Naquela noite, 6 de setembro, oito caças da IAF decolaram para atacar o reator nuclear sírio. Os pilotos foram instruídos a evitar abater aviões inimigos, a menos que interferissem na missão, de modo a evitar a escalada. Após duas horas de vôo, os aviões chegaram ao seu destino e lançaram dezessete toneladas de explosivos no reator, destruindo-o além do reparo.

Aguardando nervosamente a resposta de Assad, os formuladores de políticas israelenses ficaram aliviados ao ouvir de Yadlin, poucas horas após o ataque, que a inteligência israelense não identificou nenhuma atividade síria que pudesse indicar uma resposta militar contra Israel. De fato, pouco depois, o governo sírio emitiu uma declaração oficial de que suas forças de defesa aérea haviam frustrado uma tentativa de ataque aéreo israelense, expulsando a aeronave israelense do território sírio.

Conclusão

Embora a destruição do reator nuclear sírio constituísse uma aplicação clara da Doutrina Begin, segundo a qual Jerusalém não permitiria que nenhum de seus inimigos obtivesse armas nucleares, havia uma grande diferença no processo de tomada de decisão que levou a essa ação.
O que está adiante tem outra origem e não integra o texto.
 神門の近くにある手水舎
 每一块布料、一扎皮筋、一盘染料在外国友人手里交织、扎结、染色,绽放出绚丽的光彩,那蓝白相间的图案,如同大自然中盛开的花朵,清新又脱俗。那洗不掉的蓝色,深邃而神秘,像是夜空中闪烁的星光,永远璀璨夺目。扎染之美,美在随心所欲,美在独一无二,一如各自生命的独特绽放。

Ao contrário do primeiro-ministro Begin, que optou por manter Washington no escuro sobre sua decisão de destruir o reator nuclear iraquiano, Olmert não apenas considerou necessário envolver o governo dos EUA no processo de tomada de decisão, mas esperava que bombardeasse o reator, aliviando assim seu gabinete da necessidade de tomar esta decisão excruciante. O fato de Jerusalém ter sido forçada a seguir sozinha contra a clara preferência de Washington pela opção diplomática ressalta a dificuldade em executar a Doutrina Begin, mesmo com uma administração amigável dos EUA.

Ao contrário de Begin, que optou por manter Washington no escuro, Olmert considerou necessário envolver os Estados Unidos.
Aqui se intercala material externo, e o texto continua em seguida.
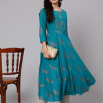 Cotton Calf Length Flared 3/4 Sleeve Round Neck Printed Kurta
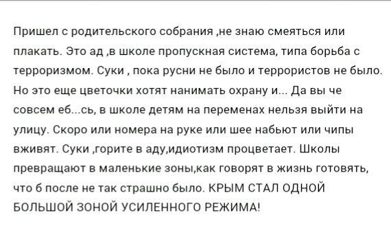 3. В Крыму школа становится мини-зоной, а учителя — прямыми пособниками оккупационного режима! Пришёл с родительского собрания. Не знаю, смеяться или плакать. Это ад! В школе пропускная система — типа борьба с терроризмом. Суки! Пока русни не было — и террористов не было. Но это ещё цветочки. Хотят нанимать охрану и… в школе детям на переменах нельзя выйти на улицу. Скоро или номера на руке/шее набьют, или чипы вживят. Идиотизм процветает. Горите в аду! Школы превращают в маленькие зоны, как говорят, “в жизнь готовят”, чтоб после — не так страшно было. Крым стал одной большой зоной усиленного режима.
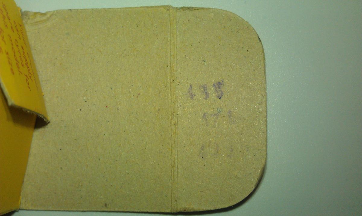 First, the date stamp. I do not have any ulra violet lamps, but did use my closeup lens, with high resolution, and then ran the photo through Photshop Elements, to try and help the image, which is extremely faint...previously, I hadn't even noticed it! To me, it is pretty clear that the first number in the third row is a "5", which I would guess should mean May....the number next to it kind of looks like a "9", but it is extremely faint, and I don't see a third number at all....................but, I am not sure that the "5" is really the first number....the stamp on my end flap, was done right across the seam of the fold, so it is possible that we are really seeing the 2nd and 3rd numbers.....
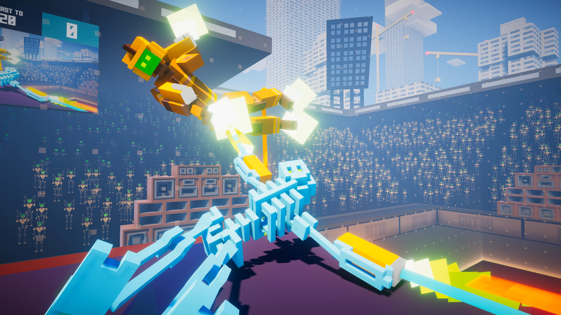 These aren't your average sluggish ragdolls. You're a Bot athlete at the height of your career. You can sprint, jump, flip, climb, breakdance, fly and break through the sound barrier with your overpowered rocket boosters as you combine acrobatics with combat in the world's most ridiculous display of physics-based fighting.
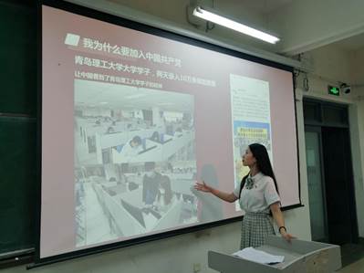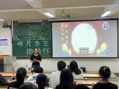 理学院新生入党启蒙微课堂首次课程在中秋茶话会现场启动,物理213班瞿蓥同学听完优秀学生党员的宣讲后坚定地说:“生逢其时,重任在肩。无数先烈浴血奋战,给了我们团圆、幸福的今天,我一定会积极向党组织靠拢,努力学习、拼搏奋进,以实际行动激扬青春力量!”
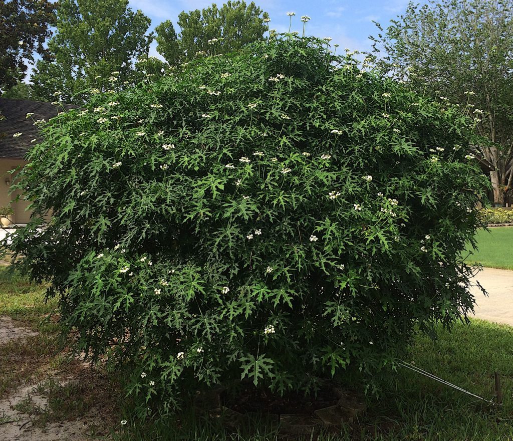 Great edible green. This plant is one of the easiest edible plants to grow in Florida. Native to Mexico, this is a fast-growing, drought-tolerant, perennial shrub, typically reaching 3 m (10 ft) in height. As one of its common names (Tree Spinach) implies, it is grown for its dark-green leaves, which it produces in abundance. HIghly nutritious, being a good source of protein; calcium, phosphorus, and iron; and vitamins A and C as well as niacin, riboflavin and thiamine. The leaves and stem tip materials normally are chopped into pieces before cooking like spinach. Chaya leaf and tip pieces also are added to soups, stir fries, spinach dip, or mixed with onions and eggs to make tortillas. MUST BE COOKED. Should not be eaten raw.
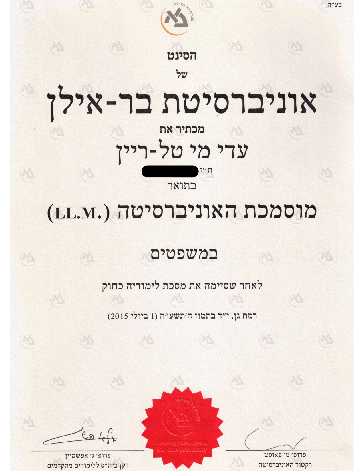 בוגרת תואר ראשון ושני במשפטים בהצטיינות (LL.B ו-LL.M ), אוניברסיטת בר-אילן, (2012, 2015).
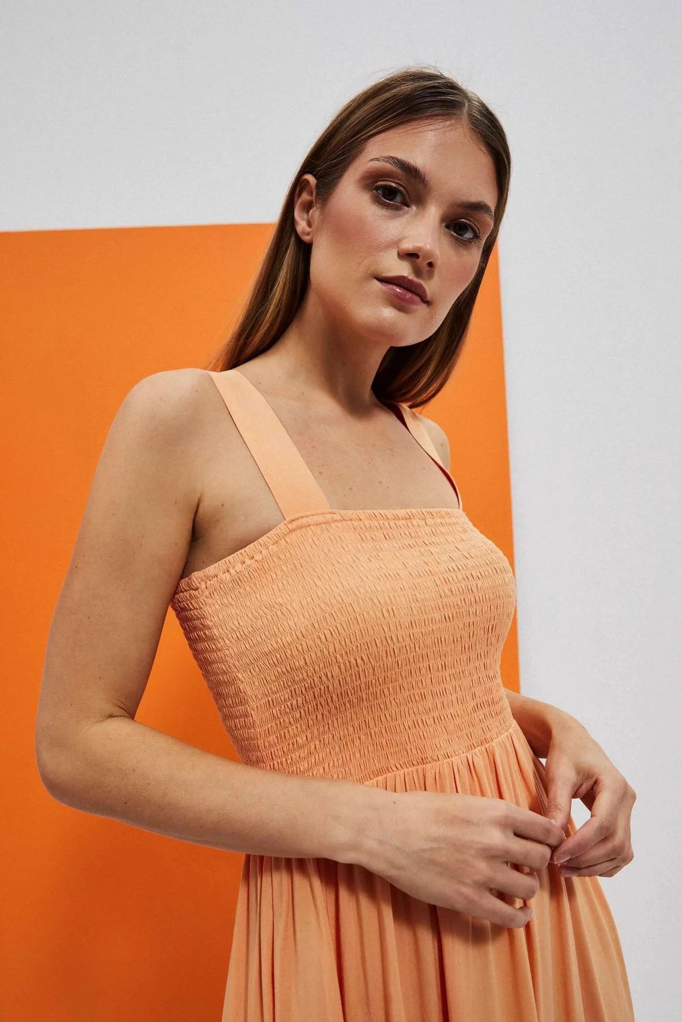 Extrémně ženské šaty, s otevřenými rameny, širokými ramínky. Oranžová barva. Hladké, bez vzorů. Horní část šatů je ve formě stahovací šňůrky. Dokonale se přizpůsobí postavě a zdůrazní ženské tvary. Spodní díl šatů je volný, volný a rozšířený. Délka nad kolena. Vyrobeno z příjemné na dotek a vzdušné viskózy. Ideální na pláž a každodenní styling. Ideální na léto, to musíte mít!
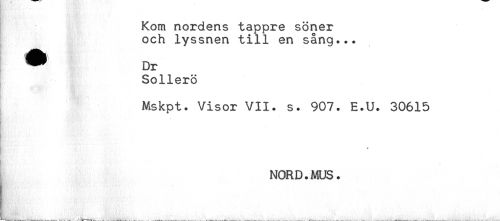 //// Kom nordens tappre söner //// och lyssnen till en sång... //// B - — //// * Dr //// Sollerö //// Mskpt. Visor VII. s. 907. E.U. 30615 //// - //// ' //// * //// NORD.MUS. ////
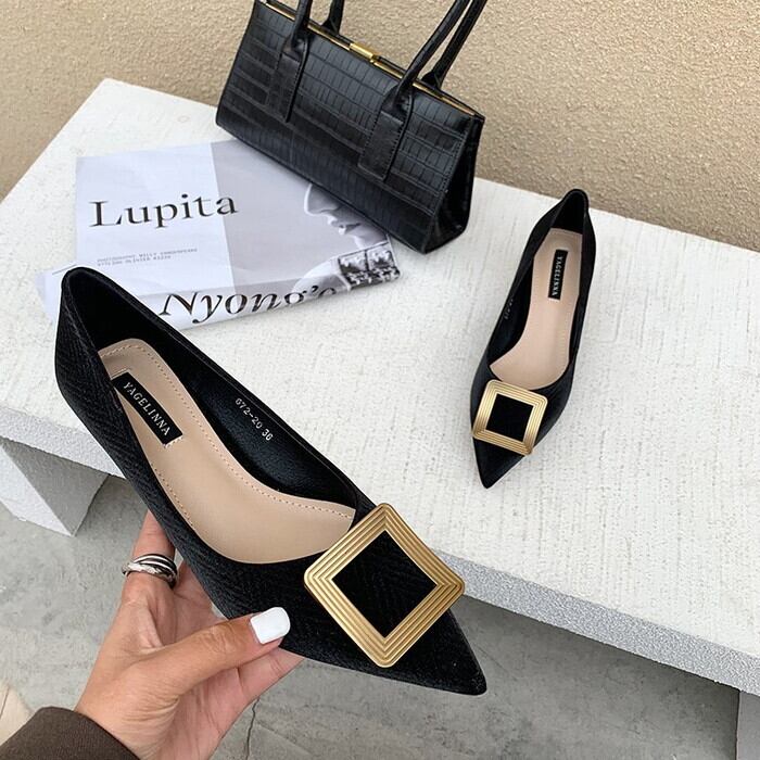 ゴールドカラーのスクエアバックルをあしらったパンプス。

Isso torna o desafio enfrentado pelo atual governo israelense em relação ao Irã muito maior do que aquele enfrentado por seus antecessores. Não só o governo Biden é menos simpático à situação nuclear de Israel (e muito mais tolerante com o regime islâmico em Teerã) do que os governos Reagan e George W. Bush, mas a destruição da extensa infraestrutura nuclear do Irã exigiria uma campanha de bombardeio sustentada, acompanhada talvez por meio de operações terrestres, algo que os israelenses podem não conseguir por conta própria, certamente não sem o apoio e apoio dos EUA. Além disso, Teerã tem capacidades de retaliação muito maiores, tanto diretamente quanto por meio de milícias e organizações terroristas, do que as dos regimes de Saddam Hussein ou Bashar Assad.

Ainda não se sabe se o governo Bennett-Lapid ousará implementar a Doutrina Begin, desafiando o governo Biden.